Fit the wastewaster informed model

Here we will use MCMC settings with 500 warmup iterations and 750 sampling iterations, with settings for the maximum treedepth (referred to as max_treedepth) of 12 and an acceptance probability (referred to as adapt_delta) of 0.95. This matches the production-level settings specified in src/write_config.R.

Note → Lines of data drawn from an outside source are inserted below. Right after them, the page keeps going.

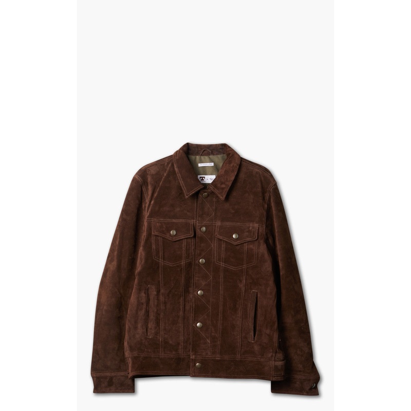 Tellason Suede Trucker Jacket Calf Split Silky Dark Brown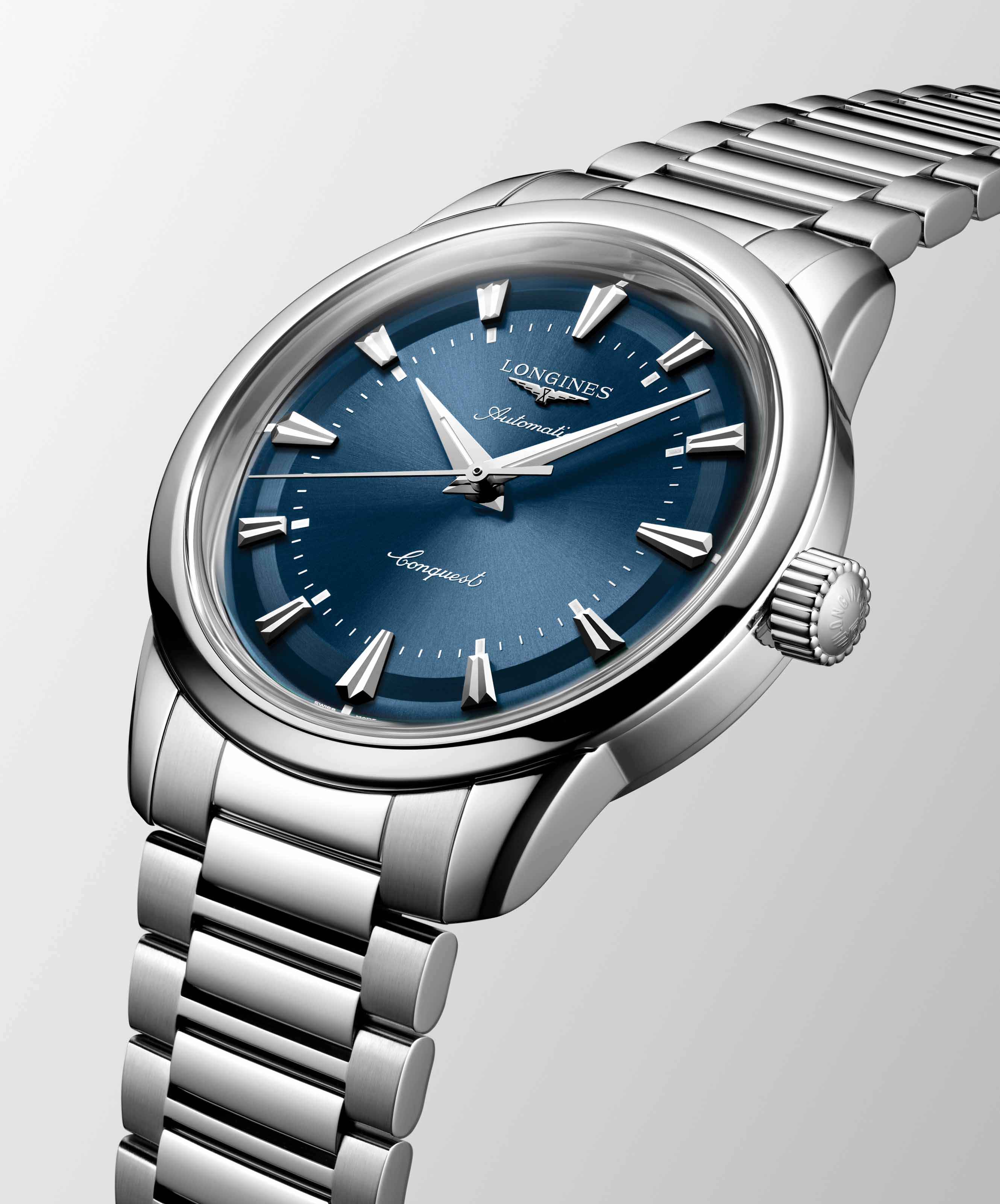 While 38mm is seen as a downsizing move for most brands, for the Conquest Heritage it’s a step up, since the 1954 original measured just 35mm. Last year’s revival offered time-only models with black or silver dials; this year, the collection broadens its palette with fresh dial colours and strap options. Pictured here in blue with an H-link bracelet (with alligator straps still available), it strikes a neat balance between vintage charm and modern wearability.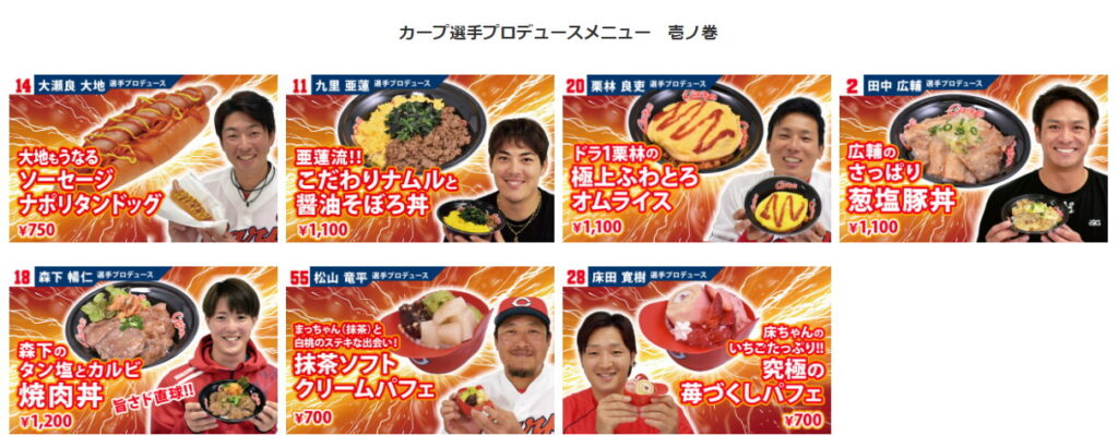 マツダスタジアムの選手プロデュースメニュー、2021年シーズン第1弾が公表!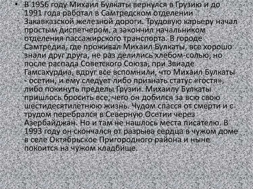 • В 1956 году Михаил Булкаты вернулся в Грузию и до1991 года работал в Самтредском отделении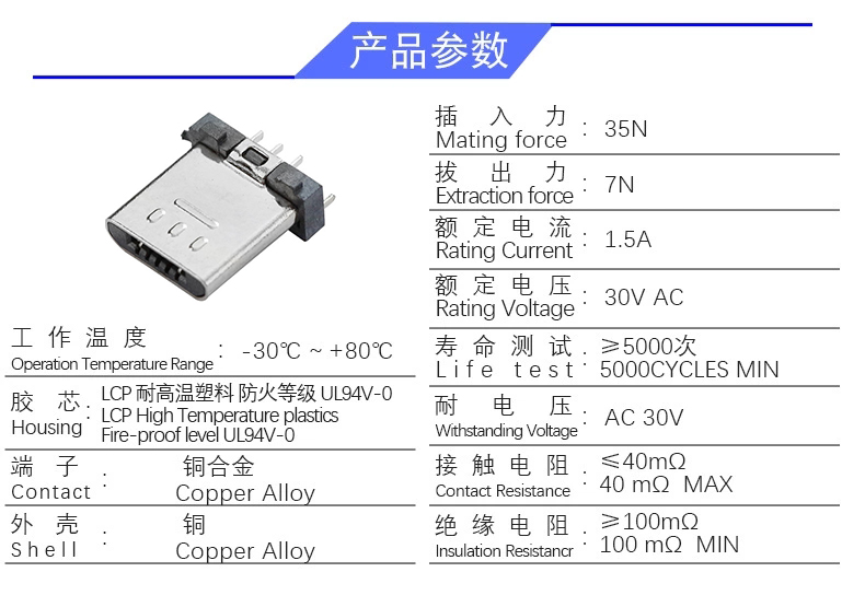 MICRO USB 180度夹板(公头)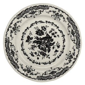 Hero Pieces: Heritage Collection in Black, Ginori Collection in Bario, Duchess Goblets in White and 24K Gold, and mixed black rattan chairs.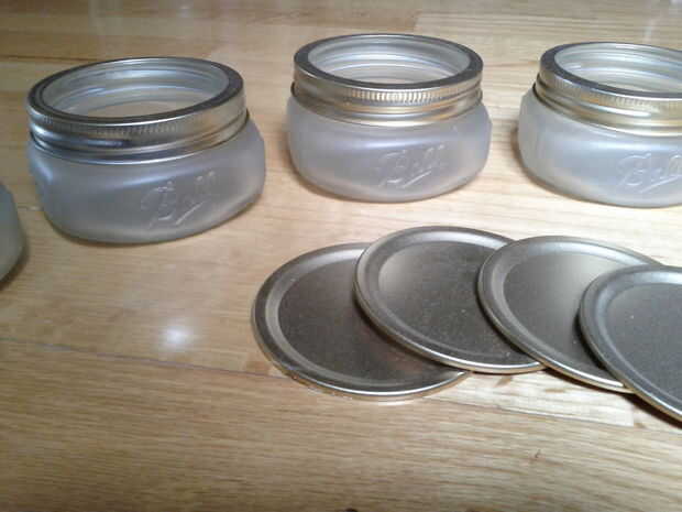 Cubrir completamente los párpados y el exterior de los fondos de la jarra con la pintura en aerosol oro. Ligeramente spray parches de oro esparcidas alrededor así como otras superficies de vidrio. El efecto oro-parches-de--vidrio esmerilado hace los contenedores parecen grandes en luz del día.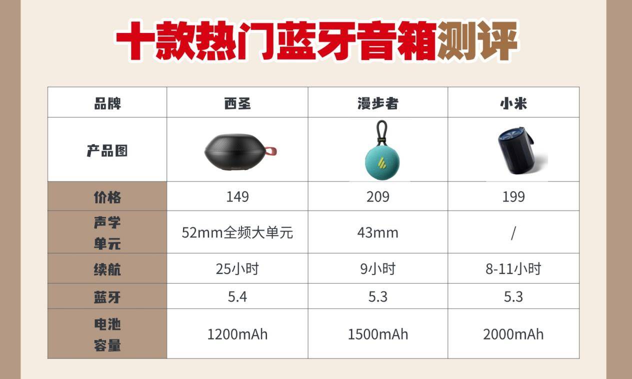 300 元预算内的便携蓝牙音箱,是学生党通勤、上班族桌面、户外露营等多场景的首选区间。面对漫步者、西圣、小米这三大热门品牌,同价位不同定位的机型该怎么选?是追求极致性价比,还是偏爱品牌质感,亦或看重实用便捷?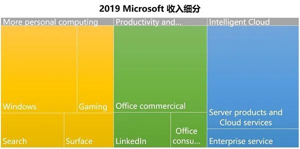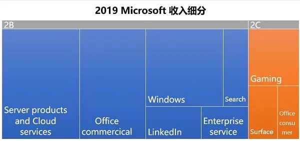 通常作为一个消费者而言,我们更多关注的是一家公司2C的业务,因为我们为此“直接”付钱。但是微软从业务细分来看,主要面对的还是2B的市场,也就是对企业的业务。包括微软的三级马车——服务器和云、Office 2B,Windows OEM。这可能也是为什么微软虽然在智能手机时代没能赶上苹果和谷歌,但是总体业务却异常强劲的一个重要原因。

fit_dynamic_rt <- model$sample(
  data = stan_data,
  seed = 123,
  init = init_fun,
  iter_sampling = 500,
  iter_warmup = 750,
  max_treedepth = 12,
  chains = 4,
  parallel_chains = 4
)

## Running MCMC with 4 parallel chains...
## 
## Chain 1 Iteration:    1 / 1250 [  0%]  (Warmup)

## Chain 2 Iteration:    1 / 1250 [  0%]  (Warmup)

## Chain 3 Iteration:    1 / 1250 [  0%]  (Warmup)

## Chain 4 Iteration:    1 / 1250 [  0%]  (Warmup)

## Chain 2 Iteration:  100 / 1250 [  8%]  (Warmup) 
## Chain 2 Iteration:  200 / 1250 [ 16%]  (Warmup) 
## Chain 3 Iteration:  100 / 1250 [  8%]  (Warmup)

## Chain 2 Iteration:  300 / 1250 [ 24%]  (Warmup) 
## Chain 1 Iteration:  100 / 1250 [  8%]  (Warmup) 
## Chain 4 Iteration:  100 / 1250 [  8%]  (Warmup) 
## Chain 2 Iteration:  400 / 1250 [ 32%]  (Warmup) 
## Chain 1 Iteration:  200 / 1250 [ 16%]  (Warmup) 
## Chain 3 Iteration:  200 / 1250 [ 16%]  (Warmup) 
## Chain 2 Iteration:  500 / 1250 [ 40%]  (Warmup) 
## Chain 4 Iteration:  200 / 1250 [ 16%]  (Warmup) 
## Chain 1 Iteration:  300 / 1250 [ 24%]  (Warmup) 
## Chain 3 Iteration:  300 / 1250 [ 24%]  (Warmup) 
## Chain 2 Iteration:  600 / 1250 [ 48%]  (Warmup) 
## Chain 4 Iteration:  300 / 1250 [ 24%]  (Warmup) 
## Chain 1 Iteration:  400 / 1250 [ 32%]  (Warmup) 
## Chain 3 Iteration:  400 / 1250 [ 32%]  (Warmup) 
## Chain 2 Iteration:  700 / 1250 [ 56%]  (Warmup) 
## Chain 4 Iteration:  400 / 1250 [ 32%]  (Warmup) 
## Chain 1 Iteration:  500 / 1250 [ 40%]  (Warmup) 
## Chain 2 Iteration:  751 / 1250 [ 60%]  (Sampling) 
## Chain 3 Iteration:  500 / 1250 [ 40%]  (Warmup) 
## Chain 4 Iteration:  500 / 1250 [ 40%]  (Warmup) 
## Chain 1 Iteration:  600 / 1250 [ 48%]  (Warmup) 
## Chain 3 Iteration:  600 / 1250 [ 48%]  (Warmup) 
## Chain 4 Iteration:  600 / 1250 [ 48%]  (Warmup) 
## Chain 2 Iteration:  850 / 1250 [ 68%]  (Sampling) 
## Chain 1 Iteration:  700 / 1250 [ 56%]  (Warmup) 
## Chain 3 Iteration:  700 / 1250 [ 56%]  (Warmup)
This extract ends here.